# Survival



## Talonmaster Raptoris (Jul 5, 2008)

Hers just something i whipped up having not posted a writing in a while. I think i might continue this........ thoughts welcome

Corporal Adram Loudon breathed a ragged sigh as the cityscape unfolded on the horizon, towering industrial silos cresting the rolling hills of the outskirts. The recycled air condensed in his re-breather mask, the plastic rubbing the bridge of his nose raw, irritating him like an itch he couldn’t scratch. Beads of sweat rolled down his face from the evening heat, the salty perspiration further irritating his face. He contemplated for a moment taking the mask off, but dismissed the thought as soon as it came to him. The air contained micro nutrients that accelerated and improved plant growth, but would rot his lungs in an instant. He sighed again.


The land speeder gave a lurch as it hit another of the many bumps on the hard packed dirt that served as a road, and he gripped the handrail above his head. His eyes swept the landscape, squinting in the dying light of the sun. The hills were overlaid with a grid of green and light brown fields of various crops that this planet supplied to the Imperium; the occasional cluster of buildings the only mark of human habitat outside the city. 


He turned his gaze ahead towards their destination. Contrails of thick smoke curled from the sundered towers, and plumes of orange flame blossomed from the roadway as the Imperial armour smashed through the rebel defences. A steady stream of dropships blazed through the sky like a swarm of blood-slick darts, discharging small pods of troops deep into the urban sprawl.

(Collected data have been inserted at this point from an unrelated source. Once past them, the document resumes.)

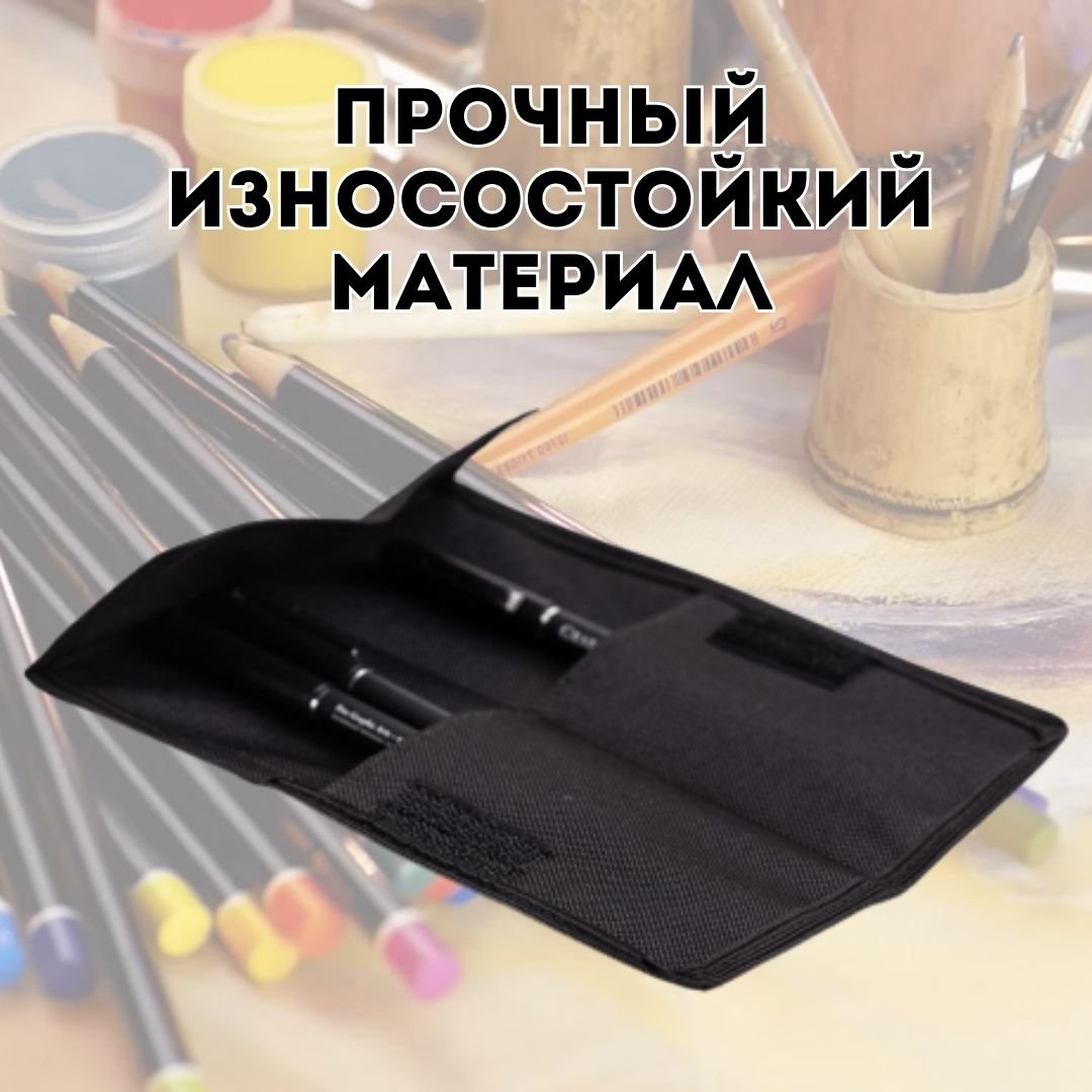 Пенал карманный для карандашей и ручек Малевичъ, черный. Компактный пенал для карандашей, ручек или маркеров. Материал износостойкий и не боится воды. Закрывается на липучку.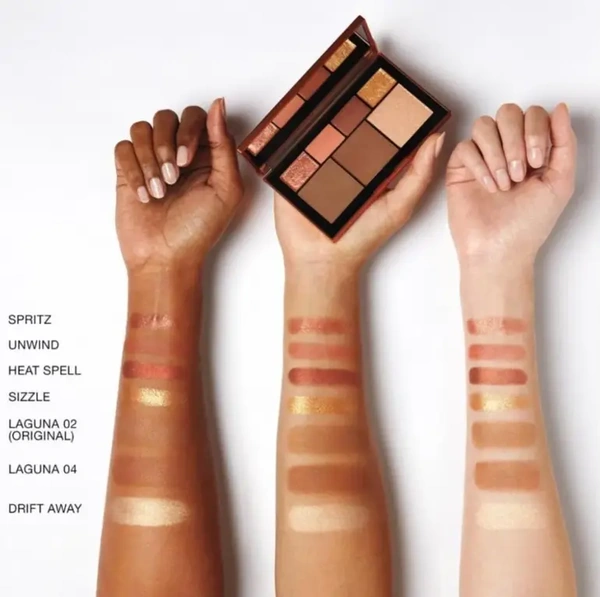 Палитра для лица NARS Лагуна — это универсальный продукт для макияжа, созданный для улучшения цвета лица с помощью различных оттенков, подходящих для разных тонов кожи. Эта палитра тщательно разделена на две секции: одна для светлой и средней кожи, другая для средней и темной кожи. Каждая секция содержит тщательно подобранный набор цветов, которые помогают достичь сияющего бронзового и скульптурного вида.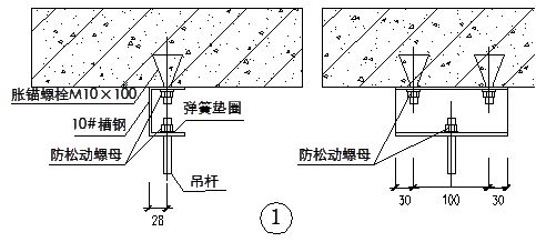 (2)吊架与楼板间采用10号槽钢连接,每个槽钢用两个M10100胀锚螺栓固定在楼板下,胀锚螺栓间距不小于100mm。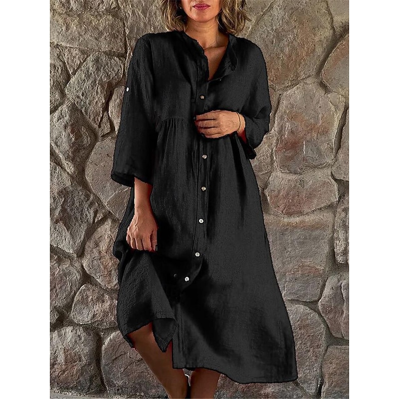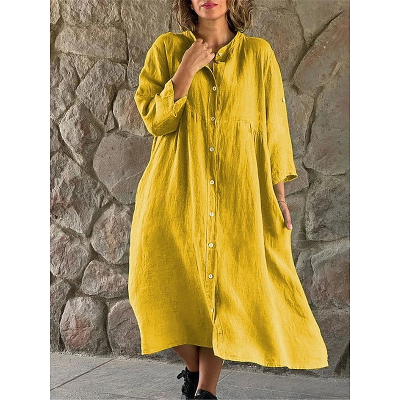 More information about Women's Black White Yellow Summer Spring Midi Dress Linen-Inspired Dresses Shirt Dress Casual Dress Basic Modern Daily Weekend Loose Fit Plain Shirt Collar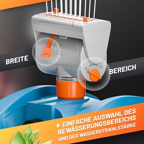 Diese Flexibilität ermöglicht es, den Sprinkler an unterschiedliche Bewässerungsbedürfnisse anzupassen, sei es für einen gerade neu angelegten Rasen oder für ein stark bewachsenes Blumenbeet.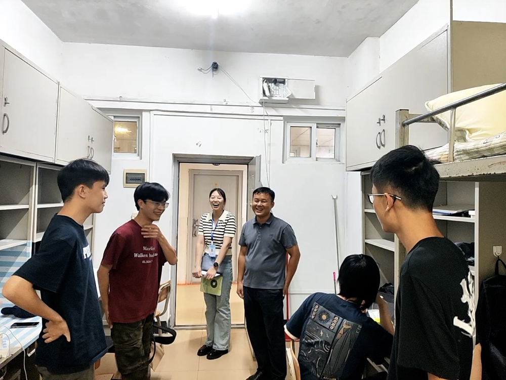 傍晚时分,学院党委书记贾洪峰与副书记蓝杜骞分别带领辅导员团队、辅导员助理深入学生宿舍,逐一走访看望新生,与新生们亲切交谈,仔细询问他们来自哪里、对新环境的适应情况以及是否习惯学校的饮食等,鼓励大家以积极心态迎接大学新生活,尽快融入艺术学院的温馨集体。交谈中,新生们积极分享了自己初入校园的感受和对未来大学生活的期待,同时也对领导和老师到宿舍看望自己表示感谢。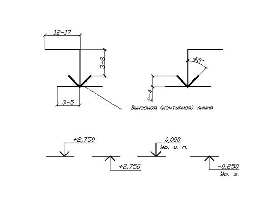 – это расстояние по высоте от нулевого уровня. Измеряется в метрах с тремя десятичными знаками после запятой. Все элементы, расположенные ниже уровня пола 1-го этажа (подвальные помещения, фундаменты и т.д.), имеют отметку со знаком минус, а выше уровня пола 1-го этажа – со знаком плюс. При необходимости отметки сопровождаются соответствующими надписями: Ур.ч.п. – уровень чистого пола, Ур.з. – уровень земли.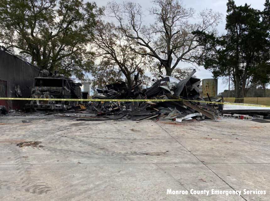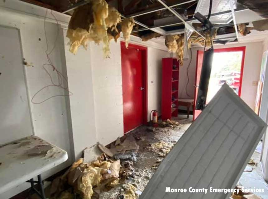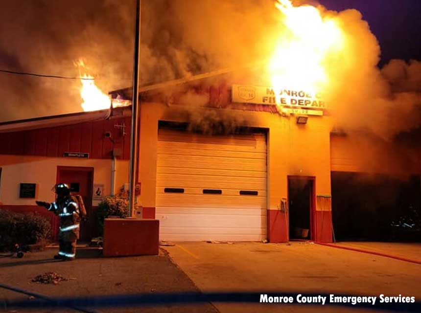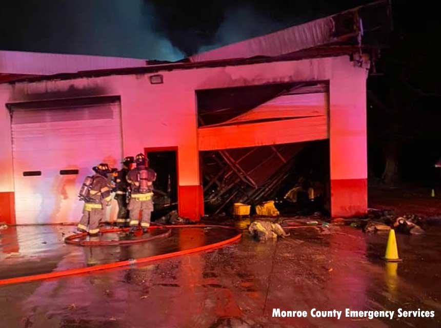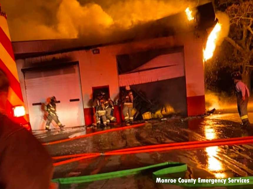 911个呼叫者报告的烟雾在11:04上午10点到10点烟雾。星期六。当梦露县消防员稍后抵达现场时刻,该站已经在火焰中吞没了。由于消防员试图熄灭火,车站的一部分10屋顶坍塌,导致消防员撤退并改变他们的攻击策略。一个消防队员,营队长粘土沃尔顿,在战斗爆发时膝盖受伤,并被运送到当地医院。

Tanks rolled pass their speeder, Guardsman hitching rides on their steel backs, gun battery shells bursting in the fields beside them

“So what are we doing here, exactly, again” asked one of the soldiers, his voiced drowned out by the rumble of the armoured column.

“You should read the briefing next time genius” answered one of the soldiers.

“Ah hell we all know Olsen can’t read” someone shouted enticing around laughter from the troops, and a reddened face from Olsen.

“Knock it off Kastler, barked Sergeant Carson, get your head in the game, were going to be in combat in less the ten minutes so shape up”. The squad sobered, eyes dropping towards the floor,

“Besides it’s not his fault his mother never taught him.” The squad erupted in laughter again giving Olsen a round of friendly punches. Loudon grinned. Sergeant Carson had a way of being strict and entertaining at the same time. providing a good balance of camaraderie and command.

“For your information, said Carson, the task is; to get inside the city and shoot the living hell out of everything that moves. I expect minimum casualties and no screw ups.” They all nodded.

Loudon gripped his rifle and checked it over, cleaning the barrel, adjusting the sights and making sure had a full cell of ammo. Satisfied, he shucked the strap over his shoulder, the weight comfortable on his back. The vox bead in his ear clicked on.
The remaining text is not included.